* _Work item_: Pictures are to be left out. Return exactly the lines below from the one with "моцарелла, томатный соус" up to and including the one with "Соленый арахис измельчить".

* _Data to use_:
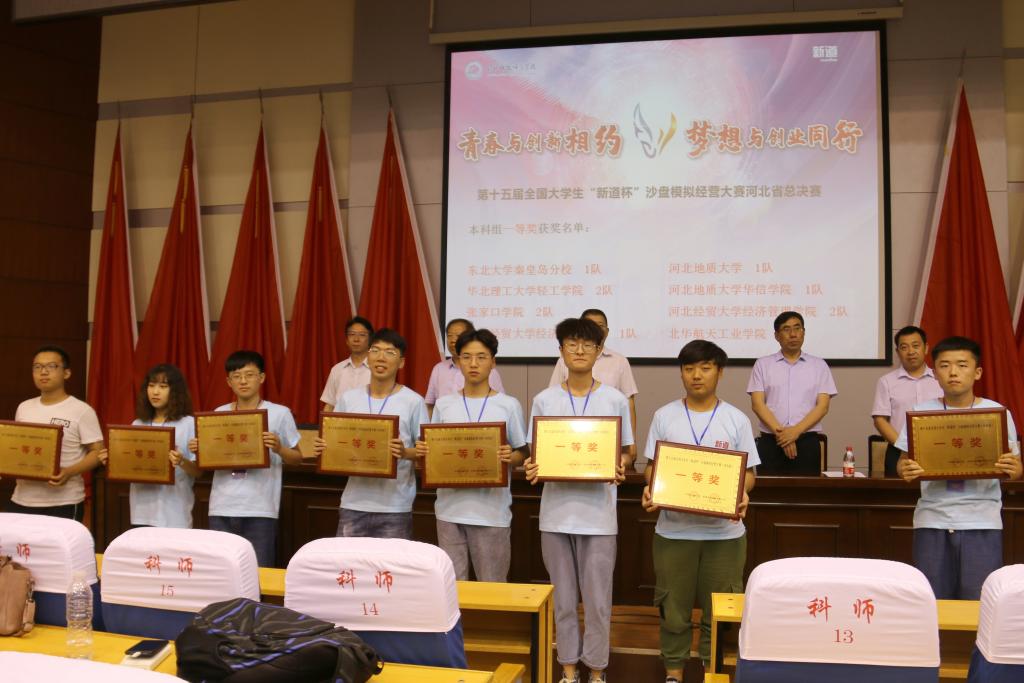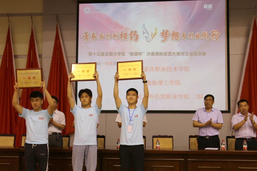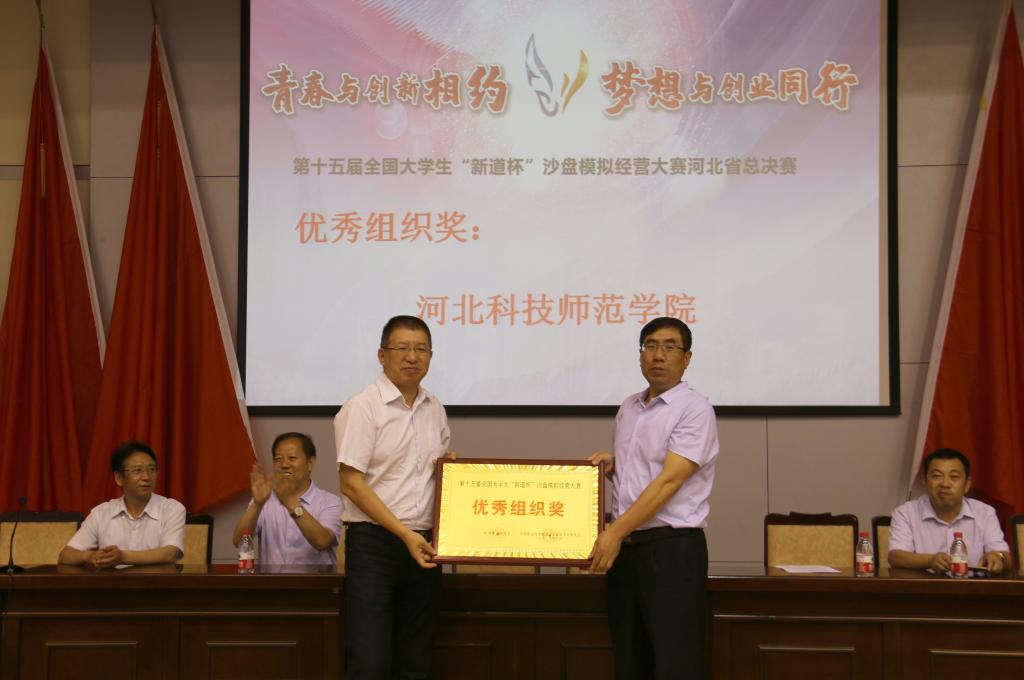经过参赛选手历时一天的激烈竞争和角逐,东北大学秦皇岛分校1队、河北地质大学1队、华北理工大学轻工学院2队、河北地质大学华信学院1队、张家口学院2队、河北经贸大学经济管理学院2队、河北经贸大学经济管理学院1队、北华航天工业学院1队荣获本科组一等奖,石家庄职业技术学院、渤海理工学院、河北对外经贸职业学院2队荣获高职组一等奖。Beat365被授予优秀组织奖。与会领导现场为获奖参赛队颁发奖牌。
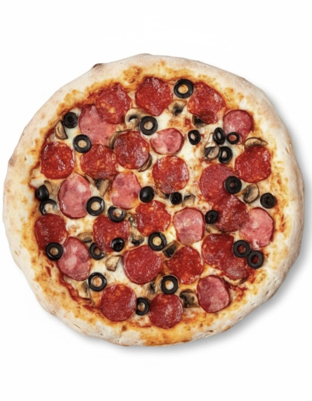 Краковская колбаса, пеперони, шампиньоны, маслины, моцарелла, томатный соус
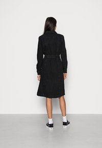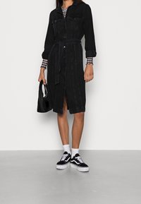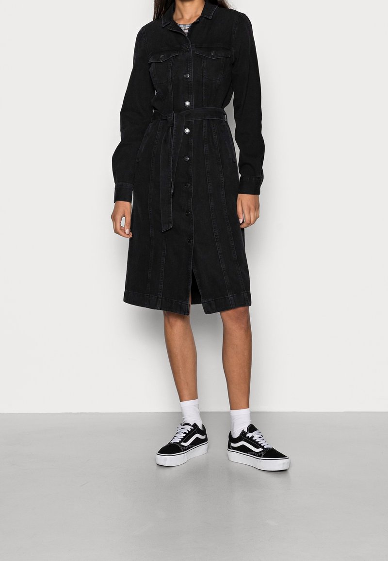 Robe chemise en denim noir avec des manches longues, un boutonnage à l'avant et une taille ceinturée. Comprend des poches poitrine et une longueur en dessous du genou. Associée à des baskets noires.
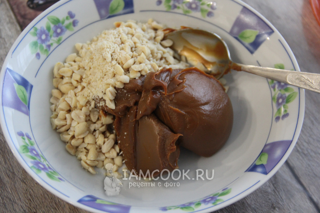 Соленый арахис измельчить в крошку и добавить в шоколадную массу.
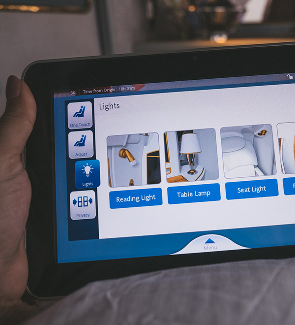 There are no overhead bins in First Class which make your suite feel super open and spacious.
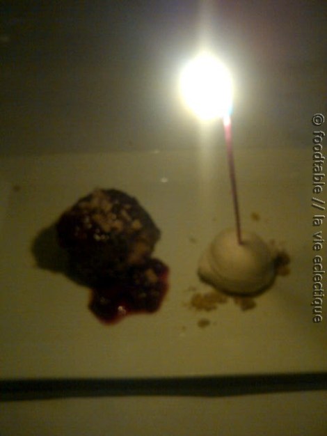And for dessert, we had the Coffee Cake Bread Pudding with walnuts & chocolate chips, cherry-bourbon reduction, vanilla bean ice cream. Of course, if you are strict vegetarian/vegan, you can skip the ice cream. (We are omnivores.)
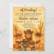 Diese charmante Cowboy Baby Shower Invitation zeigt Ihre Waldtiere in Cowboyhütten, Bandanas und Stiefeln vor einem warmen Wüstenhintergrund im texanischen Stil. Ideal für eine Cowboy Baby Dusche Einladung feiern einen kleinen Jungen, es erinnert an Abenteuer und rustikale Freude. Einfach zu personalisieren und ideal für ein Western Baby Shower Thema.
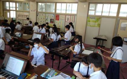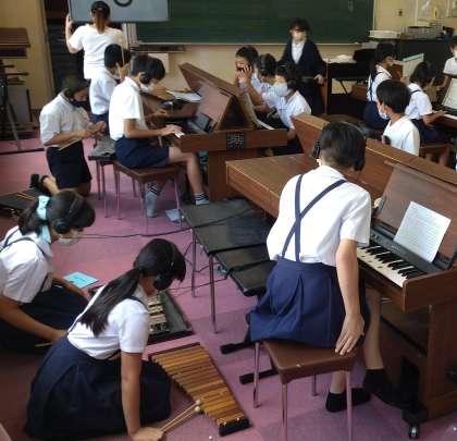 林間を通して仲間の絆が深まった5年生は、音楽の授業でアンサンブルに取り組みました。
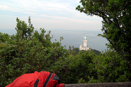 30分くらいであろうか、思いのほか長く走った。三崎町を通過して四国の最西端の佐田岬の駐車場まで到達した。ここからは徒歩で1.4kmある遊歩道だ。早朝の散歩にしてはアップダウンが厳しい。いつしかジャケットも脱ぎ捨てて息を弾ませていた。灯台から海原遠くに九州がかすんで見えた。あぁ、ここまで来たのか....と、しばし茫然。休む暇もなく駐車場へ戻った。

* _Task output_:
 Краковская колбаса, пеперони, шампиньоны, маслины, моцарелла, томатный соус
 Robe chemise en denim noir avec des manches longues, un boutonnage à l'avant et une taille ceinturée. Comprend des poches poitrine et une longueur en dessous du genou. Associée à des baskets noires.
 Соленый арахис измельчить в крошку и добавить в шоколадную массу.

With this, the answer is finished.